**Problem**: The line containing "Chusteczki Velox NA", plus every line that follows it to the end of the listing below, is what you transcribe exactly; omit all pictures.

↓↓↓

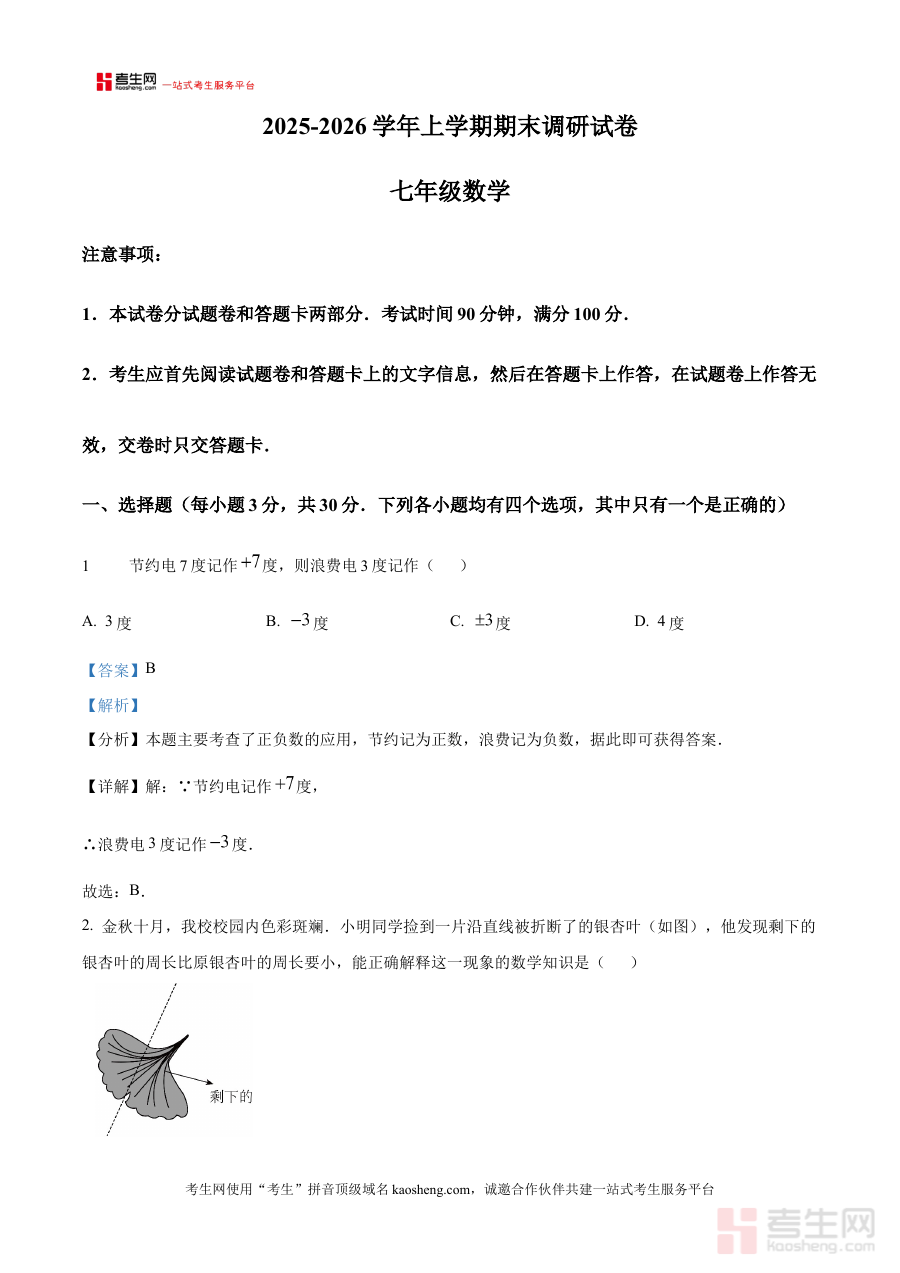 《精品解析:河南省郑州市郑中国际学校2025-2026学年七年级上学期期末数学试卷(解析版)》是针对河南省郑州市郑中国际学校2025-2026学年七年级上学期期末数学考试的专项备考资料,精准匹配该阶段数学学科期末检测的需求,为使用者提供与考试直接关联的解析支持。
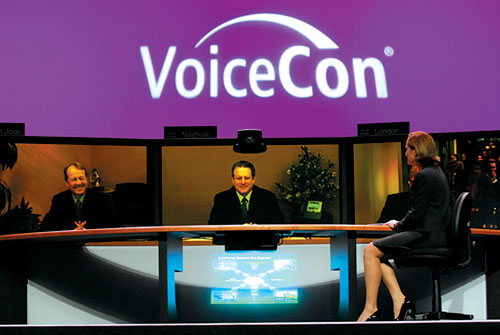 John Chambers和美國前副總統(tǒng)Al Gore利用網真系統(tǒng)參與VoiceCon大會
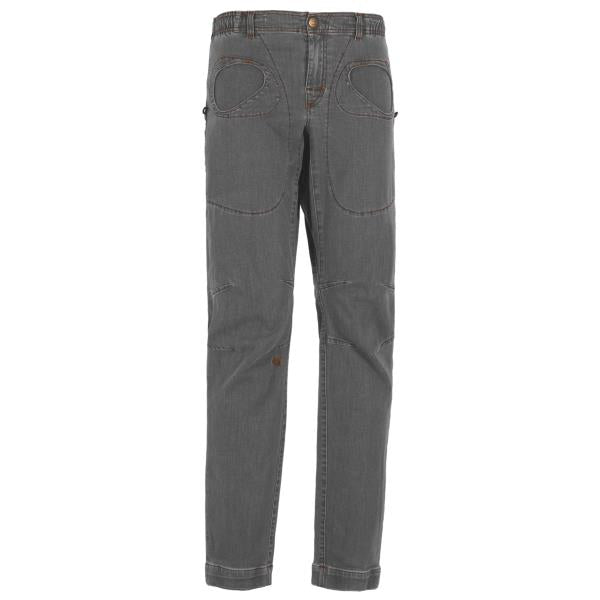 Pantaloni outdoor e arrampicata in tessuto denim. Cintura interna con nastro elastico E9. Passante per cintura.Patch sul retro. Ricamo sul davanti. Buon conforto. Vestibilità regolare. Fatto in Italia.
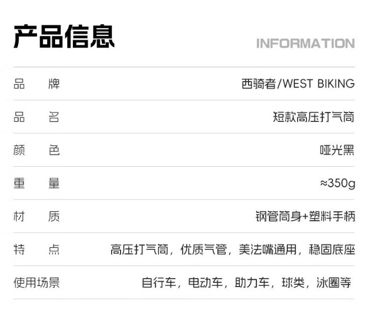 WestBiking bicycle pump household inflatable pump universal high pressure pump black with pump
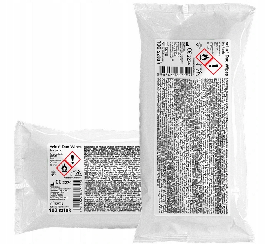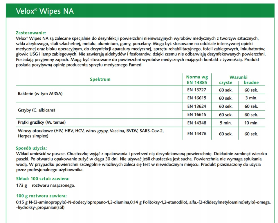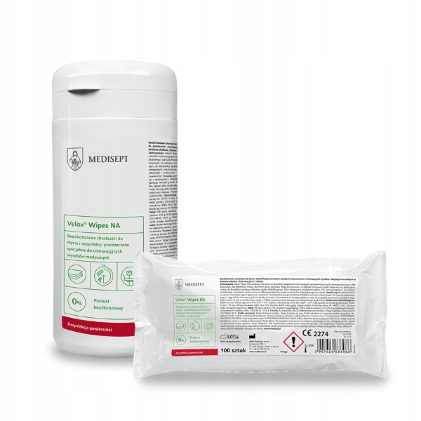 Chusteczki Velox NA zalecane są do dezynfekcji różnorodnych powierzchni sprzętu medycznego ze szkła, porcelany, metalu, gumy, tworzyw sztucznych oraz szkła akrylowego.
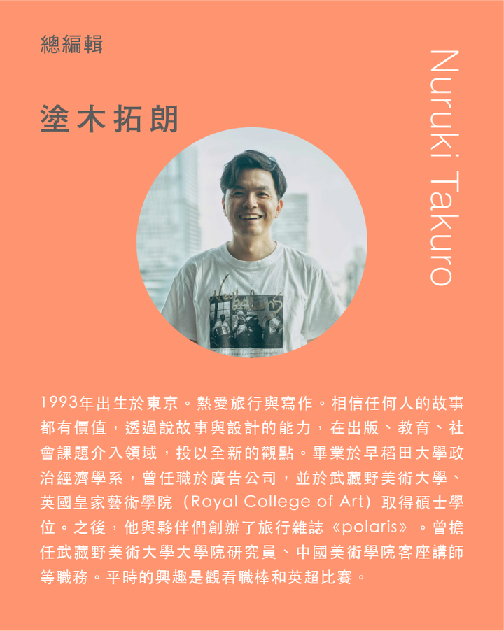🙋🏽 塗木拓朗(Takuro Nuruki)|《Polaris》總編輯

↑↑↑

**Your solution**:
 Chusteczki Velox NA zalecane są do dezynfekcji różnorodnych powierzchni sprzętu medycznego ze szkła, porcelany, metalu, gumy, tworzyw sztucznych oraz szkła akrylowego.
🙋🏽 塗木拓朗(Takuro Nuruki)|《Polaris》總編輯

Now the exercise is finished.